Notably, our detected lesion cluster was located in the left hemisphere, although patients did not report any lateralization of the RLS complaints in the study. The reason for this remains speculative. However, lesion lateralization has been reported in patients with bilateral pyramidal and extrapyramidal symptoms in MS before [7, 17]. Also in RLS patients without MS, white matter abnormalities in areas of the efferent motor system and sensorimotor integration, lateralized to the left hemisphere, have been found using diffusion-tensor imaging [28]. As a hypothesis, RLS in pwMS may occur due to a disinhibition because of distinct lesions in the lateralized central motor control or motor pathways in a dominant (left) hemisphere. Consequently, supratentorial lesions may only partially account for RLS in pwMS.

Subjects with symptomatic RLS had a higher disease duration, a factor that might increase the probability of a MS lesion localized in the efferent motor system that may lead to symptomatic RLS. Several studies have demonstrated a correlation between MS severity [5] and the occurrence of symptomatic RLS [3, 10]. However, the cerebral lesion load was lower in individuals with RLS in our cohort. Therefore, the previously reported higher clinical MS severity in RLS patients may possibly have resulted of a higher rate of lesions of the spinal cord.
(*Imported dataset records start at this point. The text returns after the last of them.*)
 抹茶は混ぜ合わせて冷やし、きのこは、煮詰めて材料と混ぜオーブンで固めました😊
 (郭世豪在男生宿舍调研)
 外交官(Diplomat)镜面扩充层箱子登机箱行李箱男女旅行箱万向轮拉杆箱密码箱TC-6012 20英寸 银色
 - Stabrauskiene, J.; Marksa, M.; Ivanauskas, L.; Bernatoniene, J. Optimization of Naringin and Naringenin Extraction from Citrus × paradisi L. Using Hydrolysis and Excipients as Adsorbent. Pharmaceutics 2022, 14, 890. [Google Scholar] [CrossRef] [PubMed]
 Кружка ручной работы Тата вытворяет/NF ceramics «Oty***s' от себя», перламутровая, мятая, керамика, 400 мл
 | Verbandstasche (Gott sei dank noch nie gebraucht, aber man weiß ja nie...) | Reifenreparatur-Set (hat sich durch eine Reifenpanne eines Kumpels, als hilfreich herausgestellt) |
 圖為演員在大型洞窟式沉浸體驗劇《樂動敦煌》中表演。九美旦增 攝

In summary, in this study, we were able to detect a lesion cluster in the left white matter next to the gyrus precentralis associated with RLS in pwMS. As hypothesis, pwMS with symptomatic RLS may partially suffer from a dysfunction of the corticospinal tract due to MS lesions.

Limitations

Several limitations of this study need to be considered. The manifestations of MS are very heterogeneous. Because of the retrospective nature, the diagnosis of RLS based on patients’ records was not systematically assessed, which may have led to underreporting. Although patients were asked carefully, we cannot rule out that patients of the control group had no RLS. An exact classification of the type of RLS, although desirable, could not be realized. Therefore, other causes for RLS than MS were not definitely excluded. A more well-defined cohort of RLS due to MS or a higher sample size may have produced more clear results. MS disease duration was higher in pwMS with RLS than in the control group. As disease duration is associated with RLS severity, we cannot exclude that this may have affected our results. The higher age in the cohort is a confounding factor, too. Additional matching for age and disease duration was not realizable, so we cannot exclude that differences in these parameters between both groups may have biased our results.
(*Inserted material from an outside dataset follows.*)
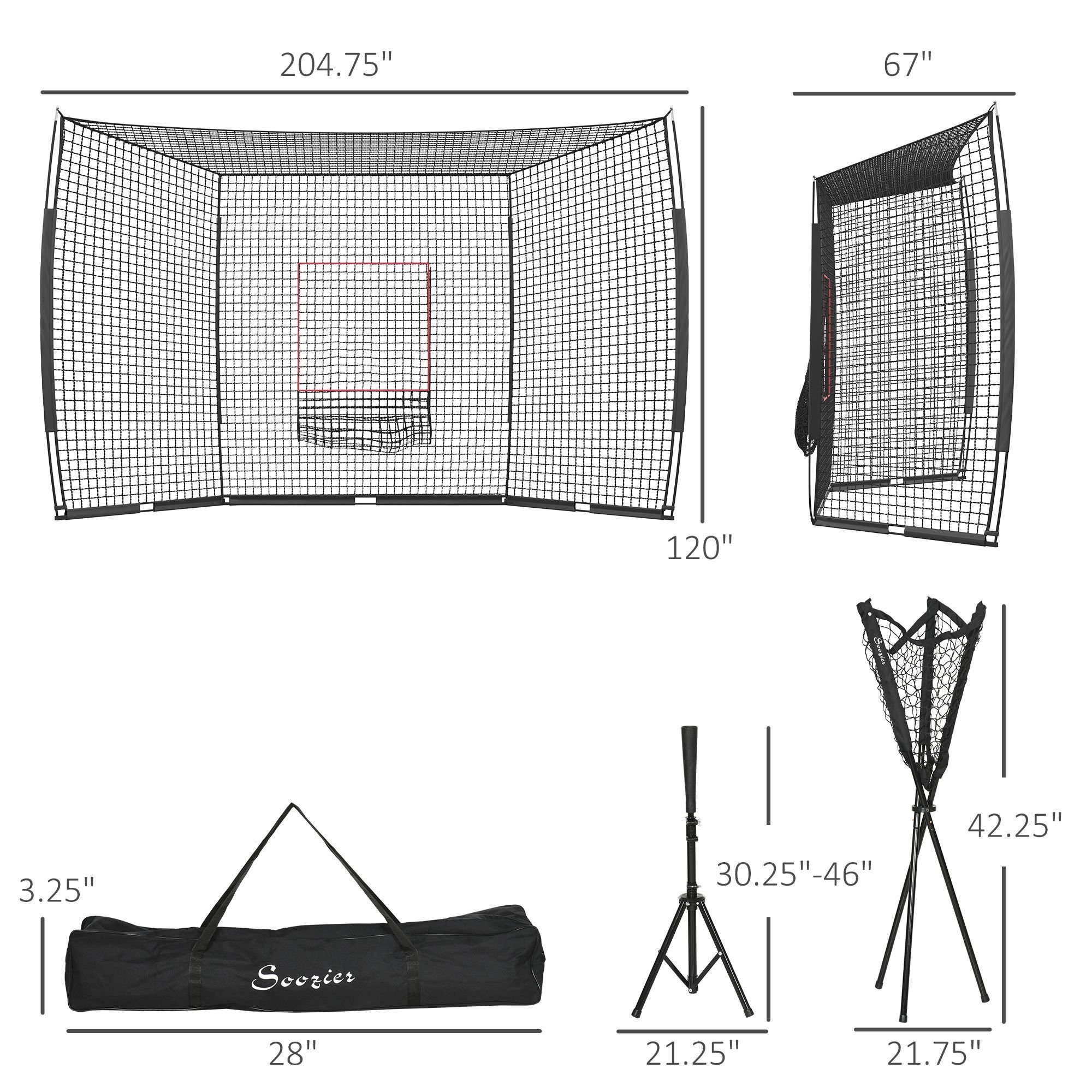 5.- Baseball Practice Net Set Info: Net Dimensions: 204.75"" W x 67"" D x 120"" H. Caddy Dimensions: 21.75"" W x 21.75"" D x 42.25"" H. Tee Dimensions: 21.25"" W x 21.25"" D x 30.25"" - 46"" H.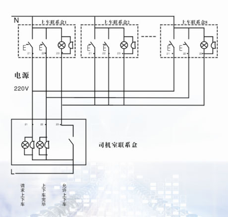 性能特點:1.按動聯(lián)系盒按鈕:聯(lián)系盒“請求上下車”指示燈亮、蜂鳴器響(時間與按鈕動作同步);司機(jī)室報警蜂鳴器(或語言)同步響,司機(jī)室主機(jī)顯示文本提示“有人請求上下車”;該操作如延時60秒無下步動作響應(yīng),自動復(fù)位清除。2.司機(jī)如同意登機(jī),按動應(yīng)答按鈕:聯(lián)系盒“允許上下車”指示燈亮,蜂鳴器長響;司機(jī)室主機(jī)顯示文本提示“有人正在上下車”(或語音);同步切斷大車行走控制回路。3.上下車完成后,按動聯(lián)系盒按鈕:聯(lián)系盒“允許上下車”指示燈滅、蜂鳴器停,“上下車完成”指示燈亮;司機(jī)報警蜂鳴器響(或語音),司機(jī)室主機(jī)顯示文本提示“上下車完成”。4.按動司機(jī)就答按鈕:聯(lián)系盒“上下車完成”指示燈滅;司機(jī)室主機(jī)聲光消;同步恢復(fù)大車行走控制回路。5.司機(jī)同意上車操作后如延時120秒后,如無下一步操作;司機(jī)室主機(jī)報警,提示“上下車超時,請司機(jī)確認(rèn)”,按動司機(jī)室應(yīng)答按鈕,解除所有操作,復(fù)位。

We did not have a standardized MR protocol, which could have influenced the results. Although MRI slice thickness of 5 mm meets the criteria of the current guidelines for MS, a lower thickness would have been desirable [14, 15]. Spinal lesions are known to cause restless legs syndrome in MS. Unfortunately, the VLSM approach is not validated for correlating spinal lesions. Methodically, this study only was able to examine cerebral lesions, which could have biased the results. However, it seems unlikely that the presence or absence of spinal cord lesions may have produced false-positive results, i.e., the cerebral lesion cluster in the Liebermeister analysis of the brain. Tissue damage in MS may be diffused and not detectable in MRI, but also impair neurons involved in the development of RLS in MS.

Conclusion

In conclusion, this study was able to identify a lesion cluster in the subcortex close to the left gyrus precentralis significantly associated with RLS in pwMS. Thus, our data suggests that a dysfunction of the efferent motor system due to cerebral lesions may contribute to the pathophysiology of RLS in MS. Further information about the functional alteration of lesioned neuronal networks and connectivity is needed and should be the object of future studies.